YOUR ASSIGNMENT: Would you transcribe the records below from the line with "Correa de diamantes" to the line with "Our Adult Creative", ends included, exactly and with nothing more, leaving the pictures out?

INFORMATION GIVEN:

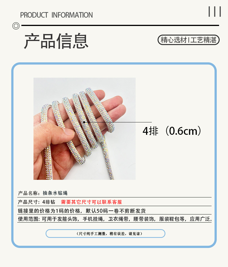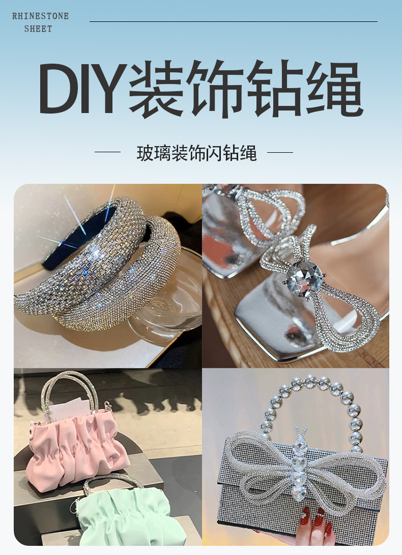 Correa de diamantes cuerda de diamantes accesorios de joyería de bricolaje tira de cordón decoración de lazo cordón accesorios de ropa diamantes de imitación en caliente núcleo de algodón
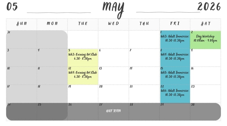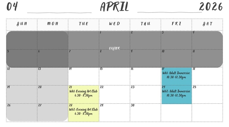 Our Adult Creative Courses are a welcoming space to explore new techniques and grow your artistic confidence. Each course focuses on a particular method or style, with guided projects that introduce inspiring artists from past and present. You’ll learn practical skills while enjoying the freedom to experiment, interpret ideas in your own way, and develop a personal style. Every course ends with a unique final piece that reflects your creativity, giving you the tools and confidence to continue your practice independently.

---

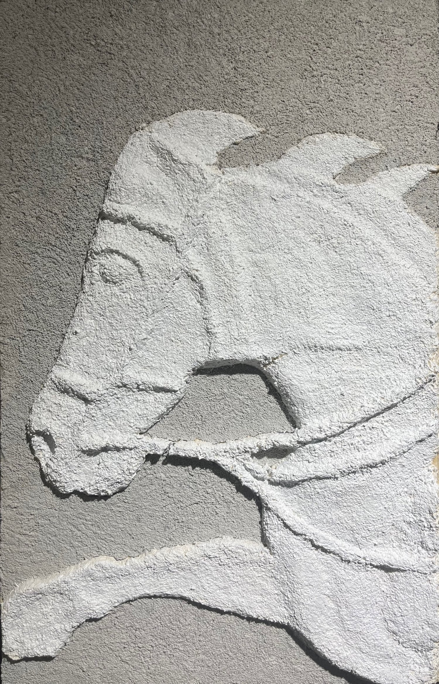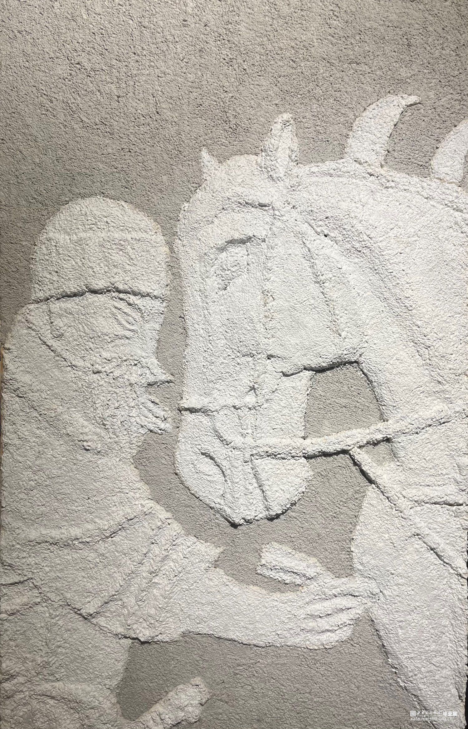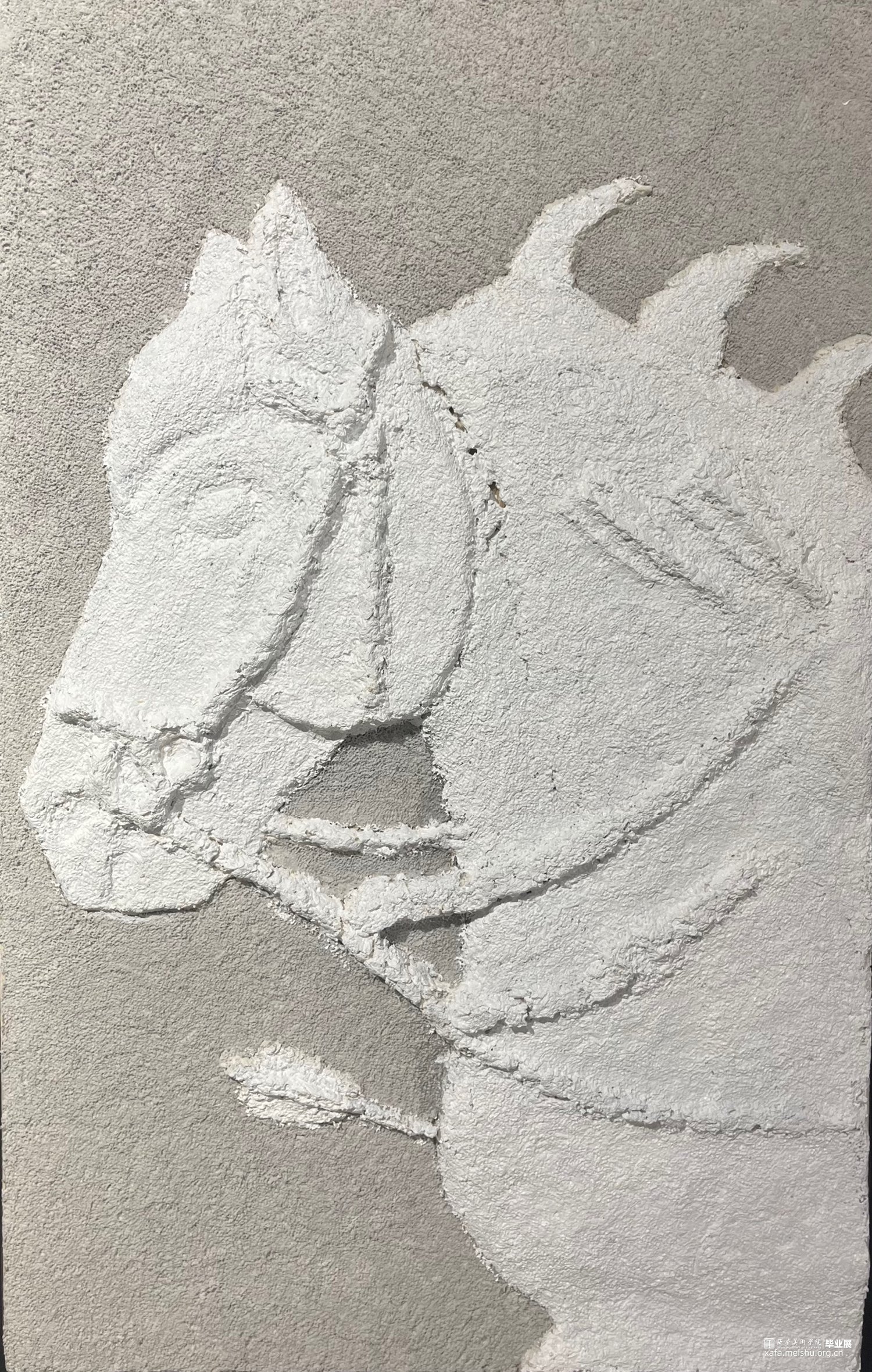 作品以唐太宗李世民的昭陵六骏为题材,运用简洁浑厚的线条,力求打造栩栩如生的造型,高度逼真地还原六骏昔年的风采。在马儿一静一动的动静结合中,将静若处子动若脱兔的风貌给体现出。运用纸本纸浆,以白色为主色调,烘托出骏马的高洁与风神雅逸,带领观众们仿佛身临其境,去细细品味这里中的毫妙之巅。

RESULT FOR THIS EXERCISE:
 Correa de diamantes cuerda de diamantes accesorios de joyería de bricolaje tira de cordón decoración de lazo cordón accesorios de ropa diamantes de imitación en caliente núcleo de algodón
 Our Adult Creative Courses are a welcoming space to explore new techniques and grow your artistic confidence. Each course focuses on a particular method or style, with guided projects that introduce inspiring artists from past and present. You’ll learn practical skills while enjoying the freedom to experiment, interpret ideas in your own way, and develop a personal style. Every course ends with a unique final piece that reflects your creativity, giving you the tools and confidence to continue your practice independently.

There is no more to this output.